- Task description -
Would you print only the lines running from the one with "34 某商管學院收集 6" to the final line of the data below, word for word and without pictures?

- Exercise data -
··········

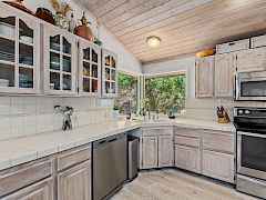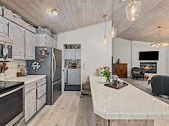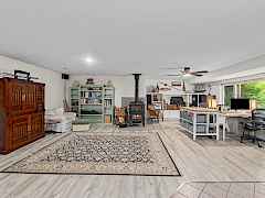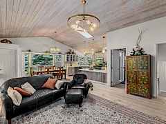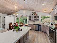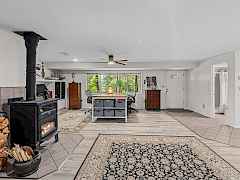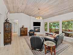 Escape to your private retreat with stunning Lake Roosevelt views and the possibility of assuming the 2.5% loan (ask about the terms)! This pristine 4.3-acre property features a beautifully updated 2-bedroom, 3-bath main home and a separate 1-bedroom, 1-bath guesthouse, offering flexibility for visitors or rental income. The upper level is a showstopper, featuring new, custom flooring made from locally sourced blue pine. The bright, Scandinavian finish on this character-rich wood enhances the natural light and complements the stunning lake views, creating a seamless connection to the outdoors. The bright, walk-out basement features new LVP flooring and is anchored by a new, EPA-compliant wood stove with a baking oven, ensuring a cozy and efficient home all winter long.
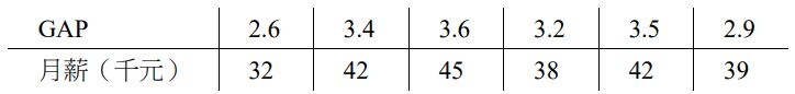 34 某商管學院收集 6 位學生獲得商管學士學位時的 GAP 成績(x),以及起薪(第一份薪水)的月薪(y)資料如下:根據上面資料,直線迴歸模式 y=β0 + β1X的估計迴歸方程式為 = 4.64 + 10.95 ,並且 MSE= 3.17。 檢定H0 : β1=0 vs Ha:β1 ≠ 0,使用的檢定統計量約為何? (A) t =0.697 (B) t = -0.697 (C) t = 5.29 (D) t = 3.43
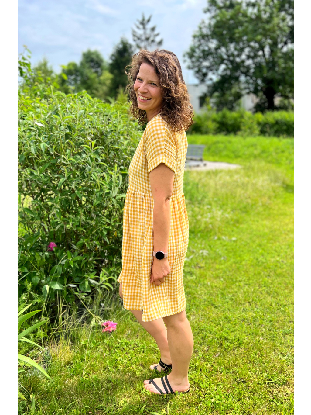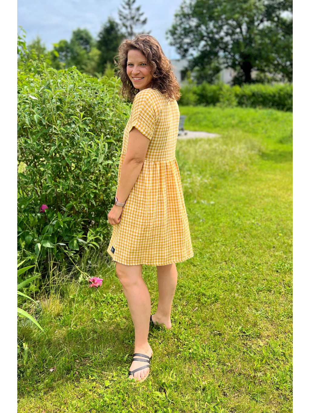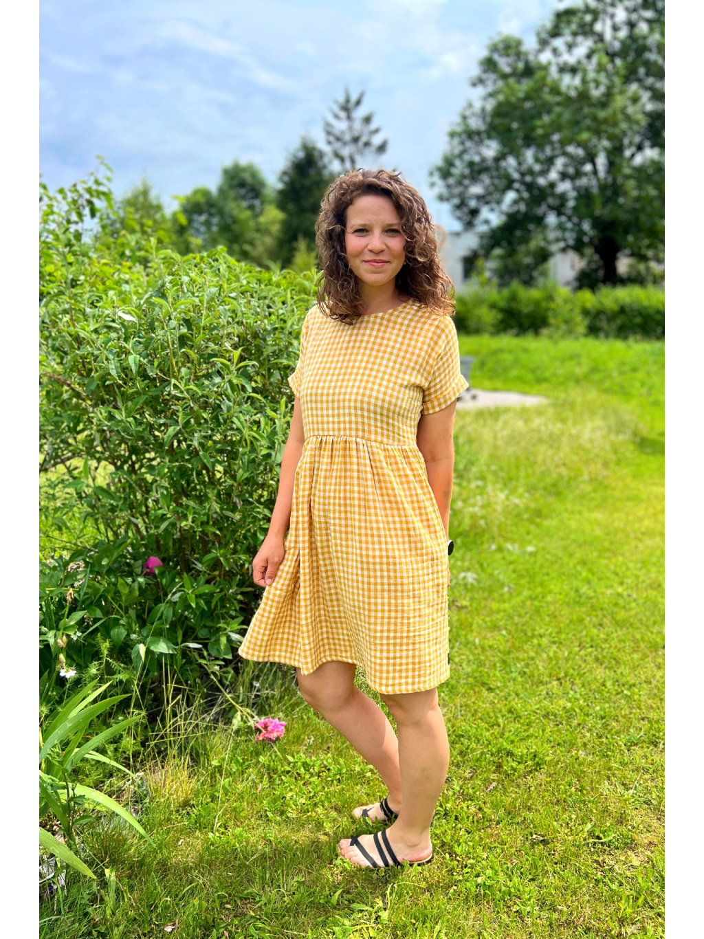 Šaty šijeme převážně na objednávku – zodpovědně, bez zbytečných zásob a plýtvání materiálem. Věříme v pomalou módu, která dává smysl. Pokud vaše velikost není skladem, objednejte si ji a my vám šaty ušijeme do 14 dnů.

··········

- Solution to this task -
 34 某商管學院收集 6 位學生獲得商管學士學位時的 GAP 成績(x),以及起薪(第一份薪水)的月薪(y)資料如下:根據上面資料,直線迴歸模式 y=β0 + β1X的估計迴歸方程式為 = 4.64 + 10.95 ,並且 MSE= 3.17。 檢定H0 : β1=0 vs Ha:β1 ≠ 0,使用的檢定統計量約為何? (A) t =0.697 (B) t = -0.697 (C) t = 5.29 (D) t = 3.43
 Šaty šijeme převážně na objednávku – zodpovědně, bez zbytečných zásob a plýtvání materiálem. Věříme v pomalou módu, která dává smysl. Pokud vaše velikost není skladem, objednejte si ji a my vám šaty ušijeme do 14 dnů.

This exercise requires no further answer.